Ça faisait bien longtemps que la France n’avait pas eu de prisonnier politique. On vient de le libérer des geôles de la Santé après 6 mois d’un enfermement sans fondement qui aura défrayé toutes les chroniques. La veille de sa sortie en “ catimini ” - comme l’ont repris en choeur tous les medias - le journal Le Monde publiait fort à propos une interview exclusive de Julien Coupat depuis reprise et commentée un peu partout.

Cet article, vous le verrez (*), élève son auteur au niveau des meilleurs analystes de la situation politique contemporaine. Une analyse féroce qui, par son brio et la notoriété dont elle bénéficie désormais, signe avec quelques autres la fin d’un hiver de trop d’années ternes et bien mal éclairées par une ribambelle de chroniqueurs, de philosophes et de politiques sur-médiatisés, de gauche comme de droite, tous épris ou en proie aux addictions néolibérales ou néo-conservatrices et, pour certains, suppôts de la dérive proto-fasciste en marche.

Le fascisme qui vient

Osons le dire, cette interview ne dénoterait pas dans les colonnes de Netoyens!. Elle évoque en effet et avec talent un ensemble de thèmes qu’on ne traite que trop peu par ailleurs.

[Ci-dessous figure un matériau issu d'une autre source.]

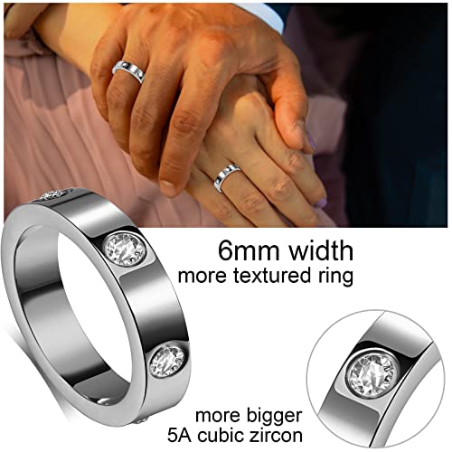 Ring size: 7Item width: 0.1 inchesMaterial: LeatherMetal type: Stainless SteelGem type: Cubic ZirconiaMaterial:The promise love Ring is made of titanium steel with 6 pcs Cubic Zirconia.Not fade or lose luster,convenient to wear, comfortable & lovely.Ring Size: Widen to 6mm Width,Available 6-11US SizeSimple & Elegant Ring:The wedding love CZ embed ring has 3 colors.Set with 6 larger cubic zirconias.Sparkling rings are not only suitable for everyday wear, but also great for showing your love and faith.Simple and elegant style is very suitable for couple rings.with Gift Box: This beautiful ring comes with a gift box and ready for giving.Ideal gift for Valentines Day, Mothers Day, Birthday to your Girlfriend or Wife.Customer Service: If you have any questions, please feel free to contact us. Perfect for everyday use. top-grade materials and excellent craftsmanship ensure long-lasting durability.
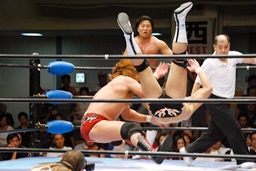 諏訪魔は潮アのラリアットブロック、しかし潮アはケサ斬りチョップからスーパーキック(左写真)、カウント2。
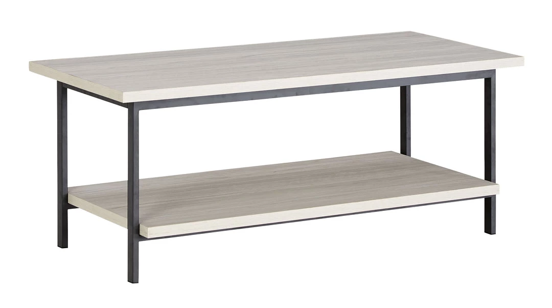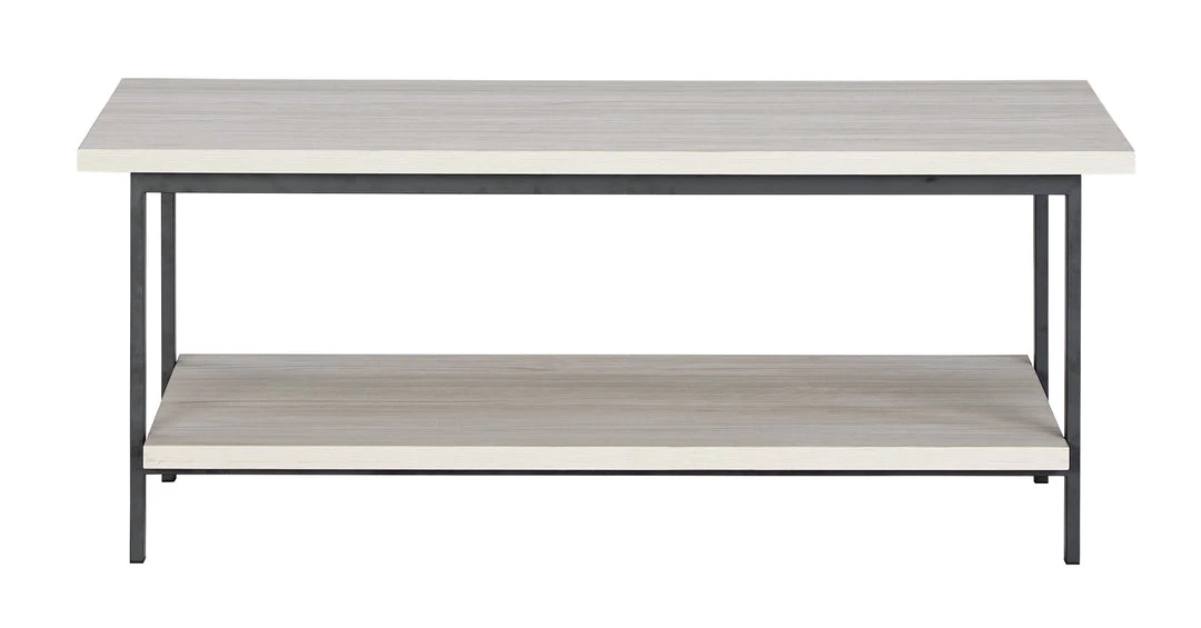 Entertain with ease with this casual, contemporary coffee table. Designed for the modern tastemaker, the minimalist design wows with metal legs and a laminated surface with a whitewashed effect. A lower display shelf provides ample space for books and baskets, or for showcasing your special decor accessories.
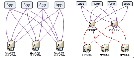 上述两种方案有一个非常重要的因素没有提及,在实际生产环境中面临一个非常现实的问题是MySQL能支持的连接数是有限的。以MySQL5.5来说假设一个MySQL实例配置1000个连接,业务应用实例部署了100个,每个应用实例的数据库连接池配置20个,采用客户端方案这个MySQL实例都没法正常工作了。
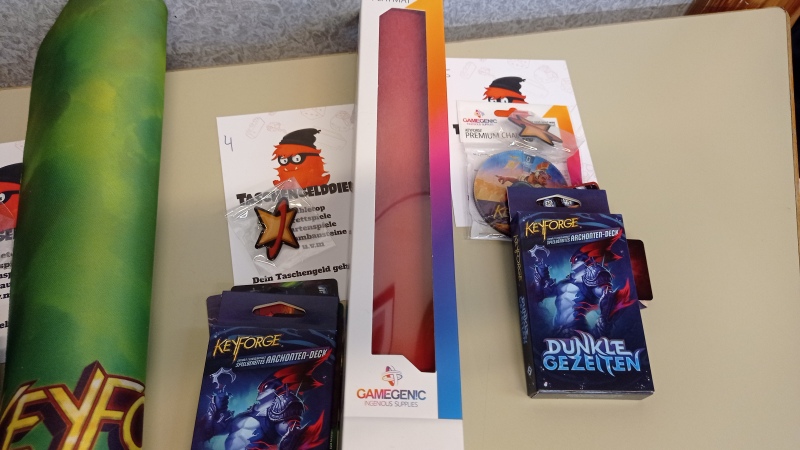 Den Preispool haben unsere Freunde von Taschengelddieb und Feldherr ordentlich aufgestockt, so dass für jeden Teilnehmer etwas erspielt werden konnte. Lieben Dank auch hier an Dennis – entsandt im Auftrag von unseren nachbarn dem White Rabbit in Essen – , der noch so einiges an Promomaterial als Preise mitgebracht hat.
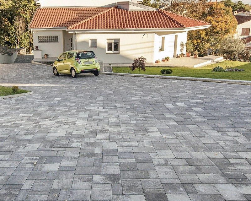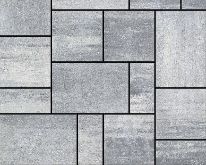 Szürke-fehér színű, modern stílusú, változatos szín- és formavilágú, különleges, melírozott árnyalatban elérhető, kombi térkő, intelligens fugatechnikai rendszerrel, térkő elmozdulás és károsodás nélkül.
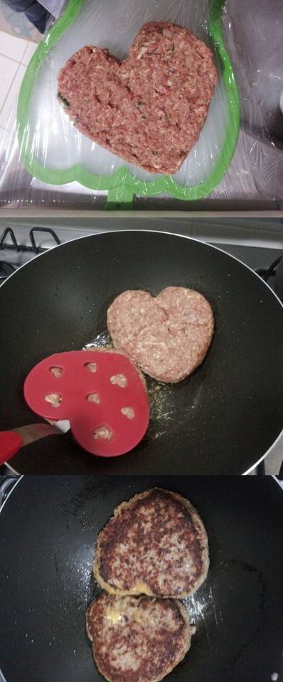Use uma forma para fazer o molde do hambúrguer, eu usei de silicone, pois é mais fácil de desinformar.
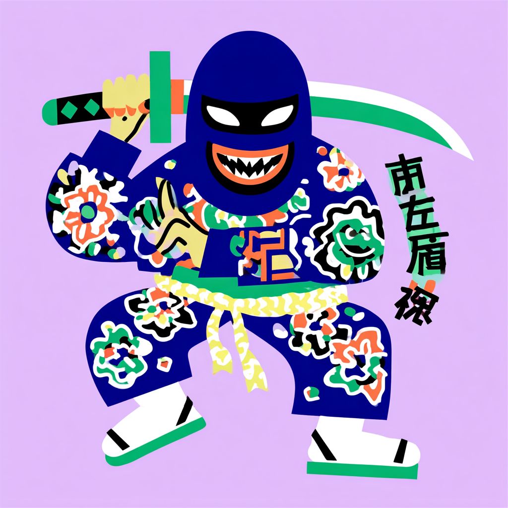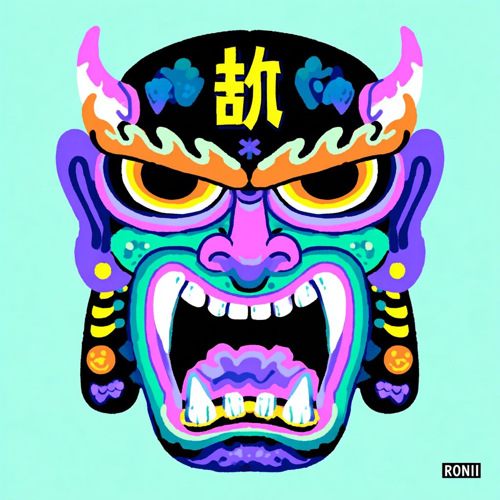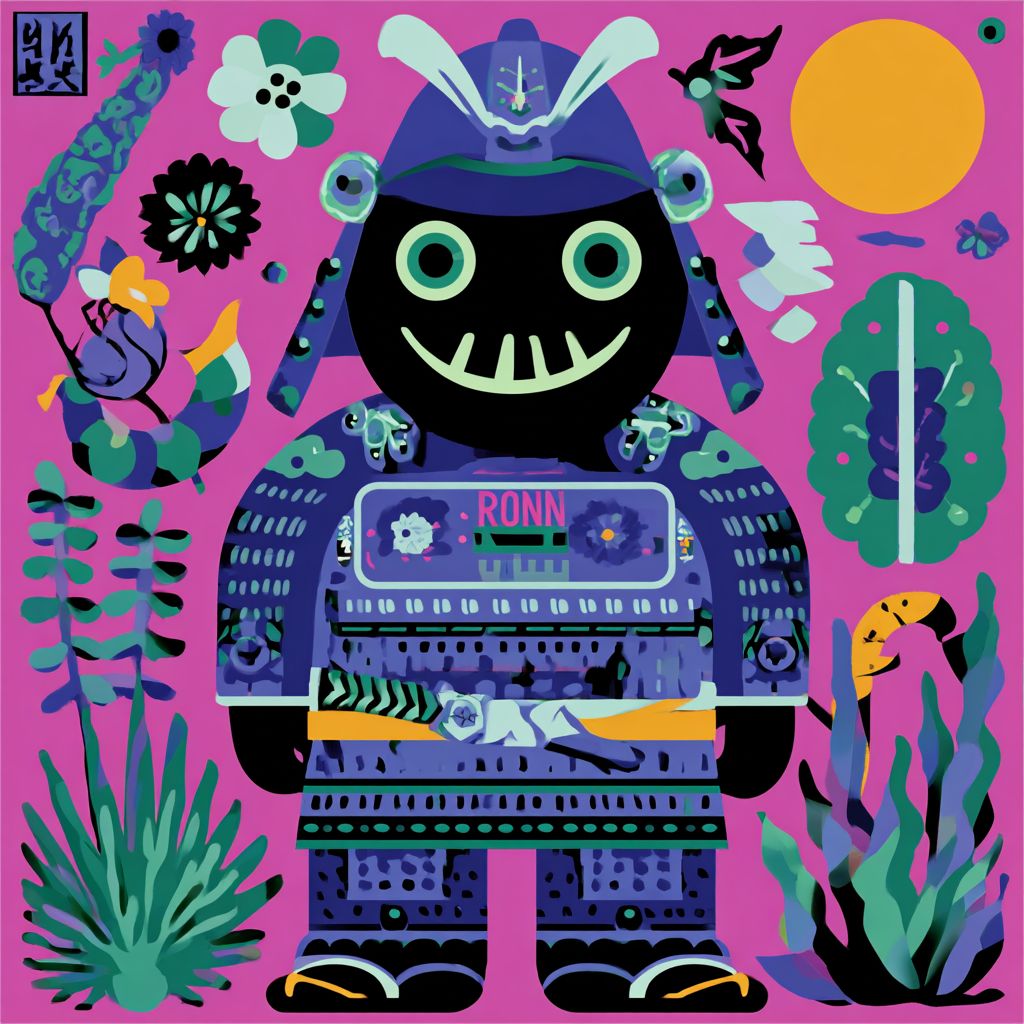 Um ninja ronin com rosto sorridente ácido em uma ogiva nuclear com a inscrição 'RONIN'
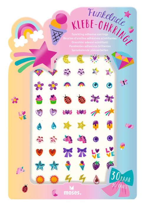 Diese funkelnden Klebe-Ohrringe sorgen für strahlende Augen bei kleinen Schmuckfans. Die 30 Paar Sticker lassen sich kinderleicht aufbringen und mehrfach verwenden – ganz ohne Pieksen.
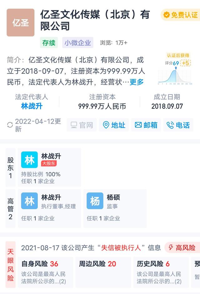红星新闻记者注意到,天眼查显示,亿圣自身存在多个风险,是最高人民法院所公示的失信公司,并被限制高消费,其法定代表人林战升也是失信被执行人并被限高。此外,终本案件显示,林战升被执行标的总金额达到2915522万元,未履行总金额为2912964万。
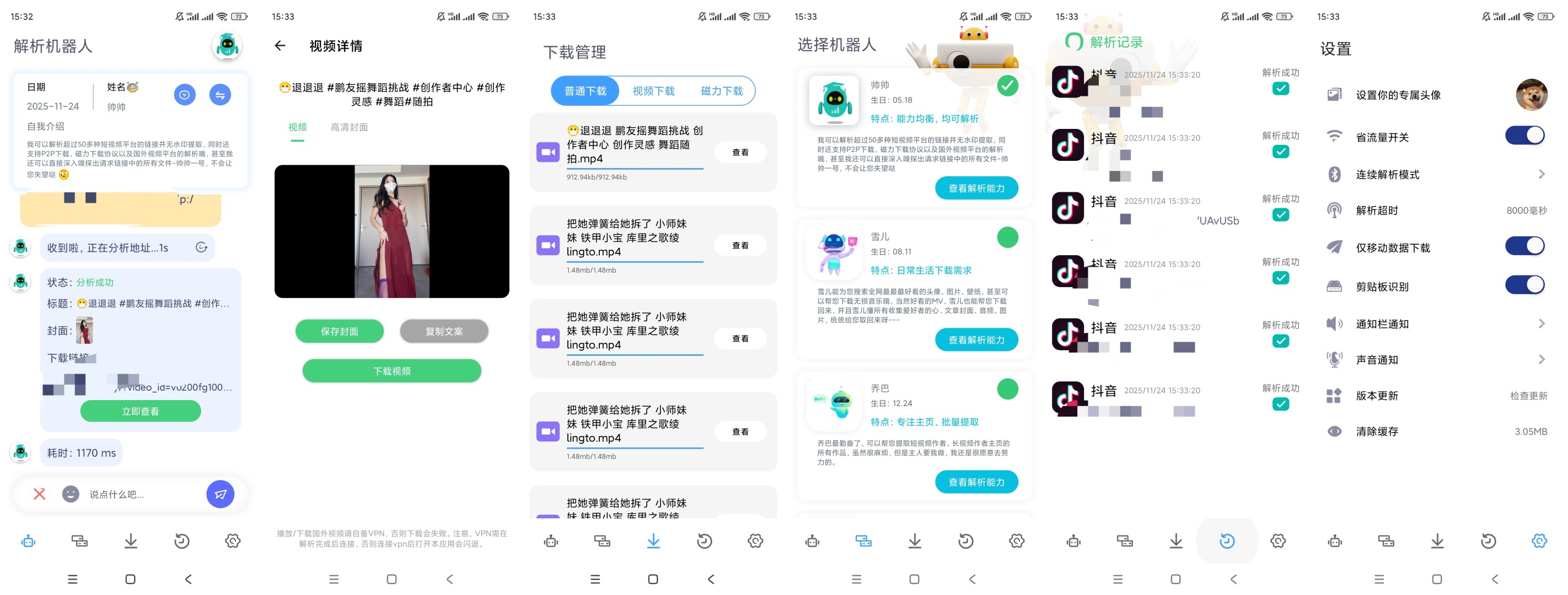 【官方介绍】:解析机器人是一款功能强大的视频解析工具,旨在为用户提供多样化的视频下载和解析服务。该软件通过多个机器人助手,帮助用户从各种平台上获取所需的视频内容,满足不同用户的需求。

Évoquons notamment l’urgence de l’élaboration d’un nouveau paradigme tant l’actuel décline sous nos yeux de manière forcenée et délétère; les émeutes de décembre 2008 en Grèce mais sans pour autant laver notre honte d’avoir autant festoyé quand on nous appelait si fort au soutien; l’aspect si crucial de la souveraineté quand il s’agit de nommer, de désigner, de définir et, partant, d’établir les agendas politiques.

Sur ce dernier sujet, l’auteur ne prend pas quant à lui le risque de confondre souveraineté et nationalisme contrairement à un José Bové qu’on découvre en proie aux troubles de la mémoire, la tête dans le guidon des vieilles urgences électorales. Comme nous il est de longue date le défenseur de cette souveraineté alimentaire qui fait tant défaut à nombre de nationaux des pays d’Afrique et de bien d’autres peuples encore. On croyait pourtant avoir bien compris, depuis Hannah Arendt, que le péril ne vient pas tant des nations que des États qui les contrôlent de surcroît quand ils se constituent en un État dans l’État (ex. le nucléaire en France) ou en un État policier, comme ce fut le cas dans toute l’Europe de la fin des années 30.

Cette souveraineté ou plutôt sa mise sous tutelle par une oligarchie malfaisante, c’est bien ce qui semble avoir motivé le combat “ MAM vs Sarko “ sur lequel nous a éclairé le journal en ligne Rue89.com récemment [1]. La ministre de l’intérieur en titre a mené la bataille pour une police à la mode chiraquienne en concurrence avec celle mise en place par son rival depuis victorieux. Elle aussi a perdu. Tant et si bien que l’on peut déjà prédire à la ministre une fin de carrière politique proche. Julien Coupat en aura fait les frais. Il a bien été libéré mais tant qu’un non-lieu n’aura pas été prononcé par la justice, il y a fort à parier qu’il sera maintenu sous un contrôle judiciaire étroit.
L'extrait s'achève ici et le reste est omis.